• _Work instruction_
Of the lines below, write out exactly those from the line with "Mens Stainless Steel" through the line with "Library Use: Frequency", both included, and skip the rest.

[Entries taken from a collection]

┌──

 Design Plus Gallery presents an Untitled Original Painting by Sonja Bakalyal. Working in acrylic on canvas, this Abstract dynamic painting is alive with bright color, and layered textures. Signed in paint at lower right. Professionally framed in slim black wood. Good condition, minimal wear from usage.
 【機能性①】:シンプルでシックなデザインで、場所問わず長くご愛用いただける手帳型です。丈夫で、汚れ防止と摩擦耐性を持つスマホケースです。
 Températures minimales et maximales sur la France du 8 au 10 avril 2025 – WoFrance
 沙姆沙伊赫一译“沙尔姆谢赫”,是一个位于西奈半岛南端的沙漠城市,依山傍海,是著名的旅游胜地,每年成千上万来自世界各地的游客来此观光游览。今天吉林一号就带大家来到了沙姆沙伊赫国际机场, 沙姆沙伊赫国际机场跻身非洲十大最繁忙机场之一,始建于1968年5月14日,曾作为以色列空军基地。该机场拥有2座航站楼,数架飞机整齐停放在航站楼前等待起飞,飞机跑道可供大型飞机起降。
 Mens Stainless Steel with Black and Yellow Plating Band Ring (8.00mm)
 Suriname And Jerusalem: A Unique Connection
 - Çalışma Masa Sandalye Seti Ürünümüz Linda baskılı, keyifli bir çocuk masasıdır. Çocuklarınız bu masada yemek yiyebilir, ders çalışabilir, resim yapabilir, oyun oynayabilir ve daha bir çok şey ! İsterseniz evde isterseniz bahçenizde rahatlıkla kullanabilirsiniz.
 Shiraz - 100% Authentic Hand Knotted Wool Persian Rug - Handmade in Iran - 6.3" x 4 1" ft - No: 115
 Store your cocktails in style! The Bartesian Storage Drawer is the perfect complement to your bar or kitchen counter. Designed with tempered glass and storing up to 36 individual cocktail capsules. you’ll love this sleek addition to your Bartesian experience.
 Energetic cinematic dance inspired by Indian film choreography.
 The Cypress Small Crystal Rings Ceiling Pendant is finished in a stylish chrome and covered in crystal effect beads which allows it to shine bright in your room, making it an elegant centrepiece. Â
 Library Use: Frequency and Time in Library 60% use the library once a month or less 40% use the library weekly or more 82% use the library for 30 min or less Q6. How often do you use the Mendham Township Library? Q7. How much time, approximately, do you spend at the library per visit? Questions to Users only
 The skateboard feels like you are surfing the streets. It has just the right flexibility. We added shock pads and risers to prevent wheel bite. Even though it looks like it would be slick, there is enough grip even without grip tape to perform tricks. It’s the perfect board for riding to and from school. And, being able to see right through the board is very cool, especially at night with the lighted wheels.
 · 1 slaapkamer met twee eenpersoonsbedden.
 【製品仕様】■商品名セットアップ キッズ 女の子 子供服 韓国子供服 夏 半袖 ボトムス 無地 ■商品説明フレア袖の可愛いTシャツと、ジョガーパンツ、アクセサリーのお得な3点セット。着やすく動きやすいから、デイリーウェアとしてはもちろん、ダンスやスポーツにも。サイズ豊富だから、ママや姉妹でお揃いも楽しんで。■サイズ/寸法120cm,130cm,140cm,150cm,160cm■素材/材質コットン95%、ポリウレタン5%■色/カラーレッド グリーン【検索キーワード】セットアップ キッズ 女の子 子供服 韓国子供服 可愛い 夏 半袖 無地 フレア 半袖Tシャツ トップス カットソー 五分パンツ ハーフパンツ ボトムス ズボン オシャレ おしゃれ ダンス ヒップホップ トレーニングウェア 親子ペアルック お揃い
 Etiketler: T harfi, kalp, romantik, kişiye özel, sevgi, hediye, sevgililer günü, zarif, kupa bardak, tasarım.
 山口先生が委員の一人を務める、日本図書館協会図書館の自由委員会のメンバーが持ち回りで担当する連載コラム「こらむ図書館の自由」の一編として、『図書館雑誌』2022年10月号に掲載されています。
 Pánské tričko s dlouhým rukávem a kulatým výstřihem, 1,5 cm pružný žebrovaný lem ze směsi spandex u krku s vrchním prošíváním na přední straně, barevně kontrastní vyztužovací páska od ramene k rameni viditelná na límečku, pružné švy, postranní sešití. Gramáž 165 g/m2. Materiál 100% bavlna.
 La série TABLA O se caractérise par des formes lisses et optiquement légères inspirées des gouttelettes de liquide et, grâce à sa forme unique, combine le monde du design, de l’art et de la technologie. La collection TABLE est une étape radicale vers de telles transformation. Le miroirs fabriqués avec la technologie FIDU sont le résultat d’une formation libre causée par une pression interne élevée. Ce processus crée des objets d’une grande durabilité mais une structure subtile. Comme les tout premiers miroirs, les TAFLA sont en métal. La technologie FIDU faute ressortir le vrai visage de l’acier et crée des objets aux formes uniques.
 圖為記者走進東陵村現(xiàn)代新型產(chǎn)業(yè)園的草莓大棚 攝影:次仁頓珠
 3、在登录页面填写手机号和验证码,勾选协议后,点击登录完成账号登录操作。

└──

• _Solution for this task_
 Mens Stainless Steel with Black and Yellow Plating Band Ring (8.00mm)
 Suriname And Jerusalem: A Unique Connection
 - Çalışma Masa Sandalye Seti Ürünümüz Linda baskılı, keyifli bir çocuk masasıdır. Çocuklarınız bu masada yemek yiyebilir, ders çalışabilir, resim yapabilir, oyun oynayabilir ve daha bir çok şey ! İsterseniz evde isterseniz bahçenizde rahatlıkla kullanabilirsiniz.
 Shiraz - 100% Authentic Hand Knotted Wool Persian Rug - Handmade in Iran - 6.3" x 4 1" ft - No: 115
 Store your cocktails in style! The Bartesian Storage Drawer is the perfect complement to your bar or kitchen counter. Designed with tempered glass and storing up to 36 individual cocktail capsules. you’ll love this sleek addition to your Bartesian experience.
 Energetic cinematic dance inspired by Indian film choreography.
 The Cypress Small Crystal Rings Ceiling Pendant is finished in a stylish chrome and covered in crystal effect beads which allows it to shine bright in your room, making it an elegant centrepiece. Â
 Library Use: Frequency and Time in Library 60% use the library once a month or less 40% use the library weekly or more 82% use the library for 30 min or less Q6. How often do you use the Mendham Township Library? Q7. How much time, approximately, do you spend at the library per visit? Questions to Users only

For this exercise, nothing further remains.